Write out only the lines from the top of the listing below through the one with "Статья в газете", exactly as they stand, while keeping pictures out of the copy.
+++
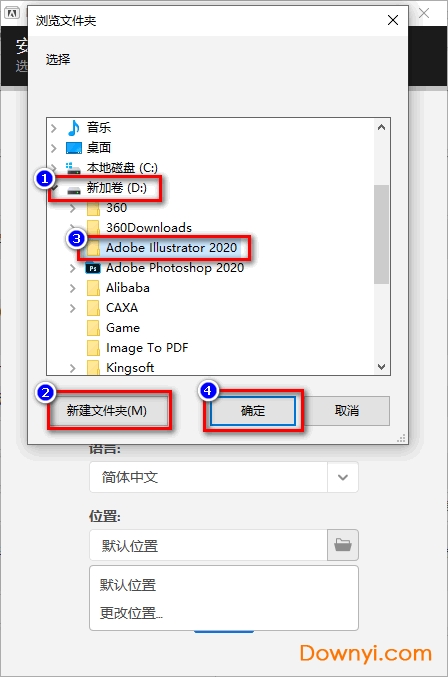 3、按照的如图所示的步骤来调整安装路径:
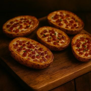 Crispy potato shells loaded with melted cheese and baked to golden perfection. Simple and satisfying.
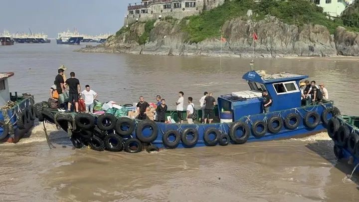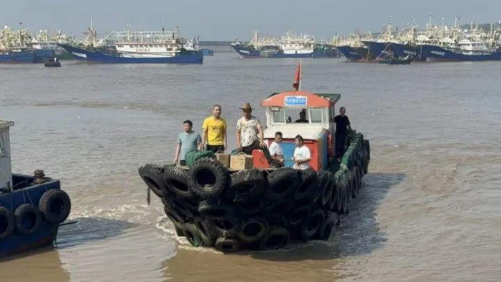 在玉环坎门中心渔港码头,目之所及,一派繁忙:渔民们有的三五成群,将煤气、米、油等生活物资搬上驳船;有的从亲人手中接过行李,匆匆赶往码头;还有的则对渔船上的仪器、捕捞工具进行开船前的最后检查。
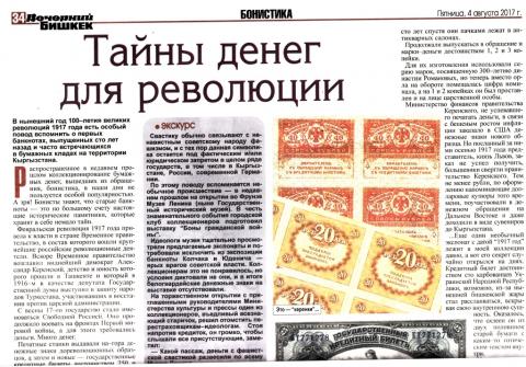 Статья в газете "Вечерний Бишкек" от 4 08 2017 " Тайна денег революции".
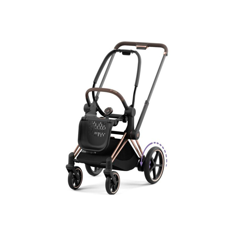 El chasis e-Priam es el punto de encuentro entre la tecnología inteligente y el diseño atemporal. Combínalo con un pack de asiento Priam, un capazo Priam Lux o una silla de coche portabebés CYBEX para disfrutar de asistencia en pendientes y una función de balanceo (los productos individuales se venden por separado).
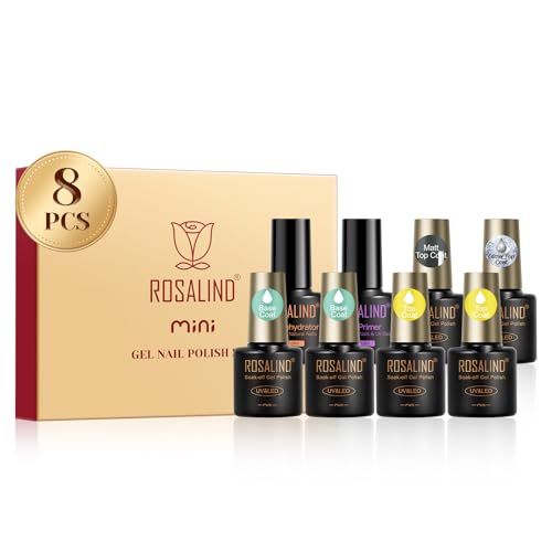 Rosealind Baslack Top Coat UV nagellacksset, 8 stycken naglar primer och uttorkare för gelnaglar, blötläggning UV/LED-matta och glitter topprock nagelkonst manikyrset
+++
Result:
 3、按照的如图所示的步骤来调整安装路径:
 Crispy potato shells loaded with melted cheese and baked to golden perfection. Simple and satisfying.
 在玉环坎门中心渔港码头,目之所及,一派繁忙:渔民们有的三五成群,将煤气、米、油等生活物资搬上驳船;有的从亲人手中接过行李,匆匆赶往码头;还有的则对渔船上的仪器、捕捞工具进行开船前的最后检查。
 Статья в газете "Вечерний Бишкек" от 4 08 2017 " Тайна денег революции".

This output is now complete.